9. Demanding bosses.
8. Meetings, conference calls, meetings, conference calls.
7. Time management difficulties.
6. Getting the raise you want is no easy feat.
5. New tools keep appearing.
4. Nothing is harder than securing a top-tier media interview.
3. Nothing is harder than securing an interview, regardless of outlet.
2. You’re always on-call.
1. To borrow a line from Rodney Dangerfield: Hey, we get no respect.
I really agree with #4 and #3 - people really have no idea how hard it is to get the media interested in you if you don't already have mindshare with them.
Having said that, I'd toss a couple more reasons why PR is a tough job in to mix:
Soft ROI
Organizations really have almost no way of measuring the value of PR. How much media coverage is enough? How much time should it take to generate media coverage? How much of the media coverage (or lack thereof) is the result of underpinnings in the business (is PR always the reason for coverage? Is it always to blame for lack of coverage?).
Point is, there is almost never a benchmark against which PR folks are measured. The last PR person may have done a bad job, or maybe the organization didn't support PR, who knows. Maybe you come in and do a great job, but perhaps that's tied to the business finally taking off and people showing interest due to increased product adoption.

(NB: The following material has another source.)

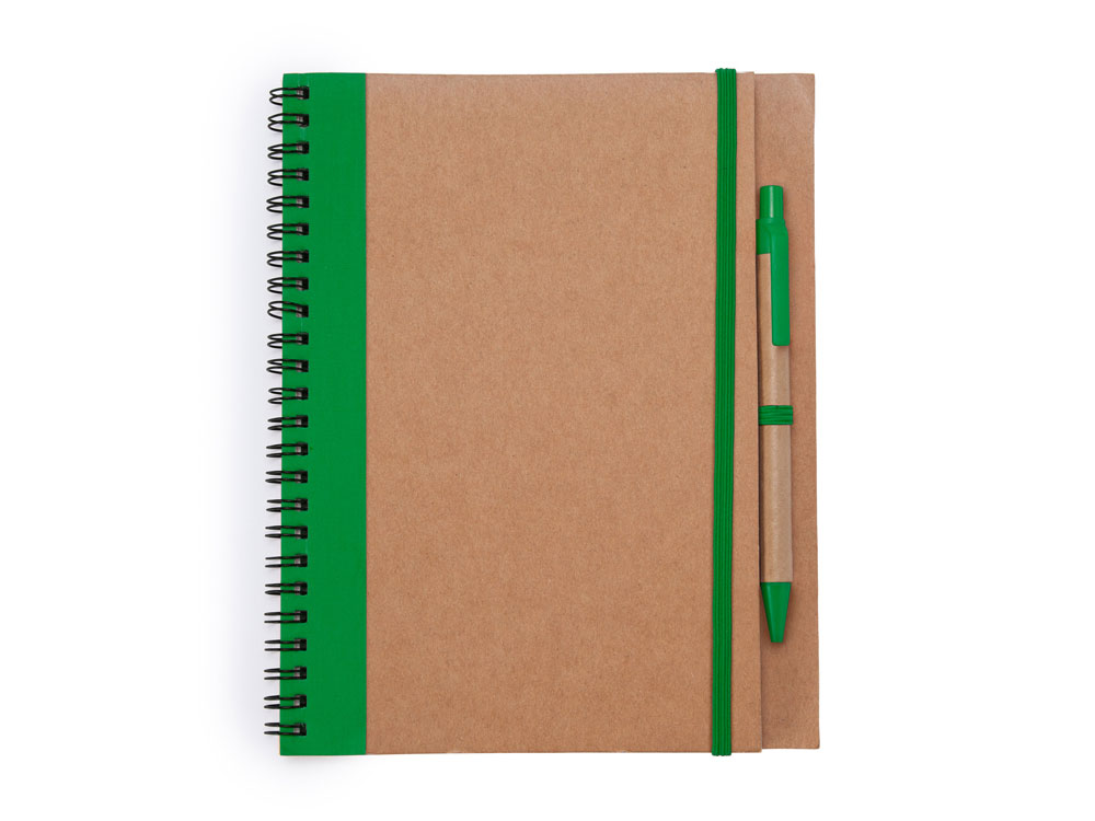 Блокнот на спирали с жесткой обложкой из переработанного картона. Включает шариковую ручку с синими чернилами. 60 простых листов.

It's very hard to measure the ROI of PR, but the good thing, and I say this from years of experience - you know it when you see it.The reason companies keep hiring PR people, despite it being very hard to measure ROI, is because they know the value when they see it.

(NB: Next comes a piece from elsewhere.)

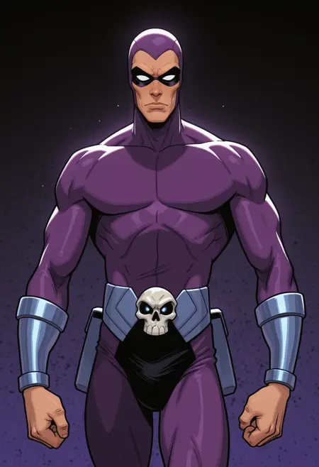 这是来自美国冒险漫画《幻影侠》(The Phantom)的 Lora 模型,主角为 基特·沃克,幻影侠,该漫画由李·法尔克于1936年2月首次出版。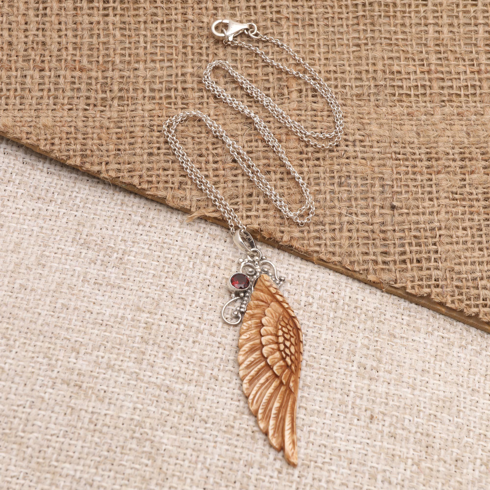 Made Wardika's ethereal pendant necklace will bring out the angel inside of you. The Balinese artisan hand carves a piece of natural bone into a glorious angel's wing, then accents his creation with a single round garnet gem in a bezel setting. A sterling silver rolo chain and decorative accents shine like the heavens above.

Executives think they understand (but often don't)
Because they are often the spokesperson, executives think they understand how PR works (after all, they interact with the media regularly). Unfortunately, this is only half true. They tend to undervalue the time-consuming aspects of the job (the writing process, research process, etc.) and think that all you have to do is 'call up the media' with your 'pitch' and badda-bing, interview the next day.
I'd encourage every executive out there to spend one day and practice PR. Write a news release, write some pitches, contact some reporters, and get a sense for how that process actually unfolds. A lot of CXO's who try this (often when their company was smaller and without a PR person) quickly realize that meaningfully engaging with a reporter is no easy task, partly because it's not just about what you say, but also about what you can't say (since not everything is for public consumption).

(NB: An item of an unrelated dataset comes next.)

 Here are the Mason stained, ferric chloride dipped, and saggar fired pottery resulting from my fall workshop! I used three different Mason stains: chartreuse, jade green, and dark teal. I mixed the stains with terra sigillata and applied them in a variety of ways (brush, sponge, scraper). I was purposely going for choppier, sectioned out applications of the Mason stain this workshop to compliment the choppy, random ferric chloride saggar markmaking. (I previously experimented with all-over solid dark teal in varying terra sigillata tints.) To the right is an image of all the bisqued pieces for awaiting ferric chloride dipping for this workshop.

The Buck stops with....YOU
Unlike marketing divisions that are filled with dozens or hundreds of peopel, PR departments can be as little as one person and rarely grow beyond five or six.
Which means that there is nowhere for you to hide. There is no massive department who can stand behind you and say 'They didn't mess up, we all agreed on this course of action."
PR is NOT for the faint of heart or those who want to hide in the pack. You have to have the thick skin of a lone wolf to do PR, because you've got to stand up to overwhelming forces, divisions with budgets 100 times yours, and get everyone to listen to you and take what you are saying seriously.
The only item I'd disagree with in the original top 10 list is that we get no respect. I do know where the author is coming from on this, but I don't think it's a respect thing. I think PR is more seen as a 'value add' function to a business versus a must-have (like sales and R&D). As a result it can seem like we get no respect.
But from my experience, executives have shown tremendous respect to me and shown an extremely high levels of appreciation for results I produced (more appreciation than someone would receive in say a giant marketing department, where they may do excellent work but never get acknowledgement from a CXO because they are too far down the food chain).
Don't get me wrong, there will always be bosses that don't respect PR folks, but generally when that happens you quickly find that they tend not to respect anyone. Lack of respect is simply how they roll.
Yet the vast majority of success executives I find to be highly appreciative of the work their PR people do for them (provided such PR people have a strong acumen for business logic and possess a strong work ethic).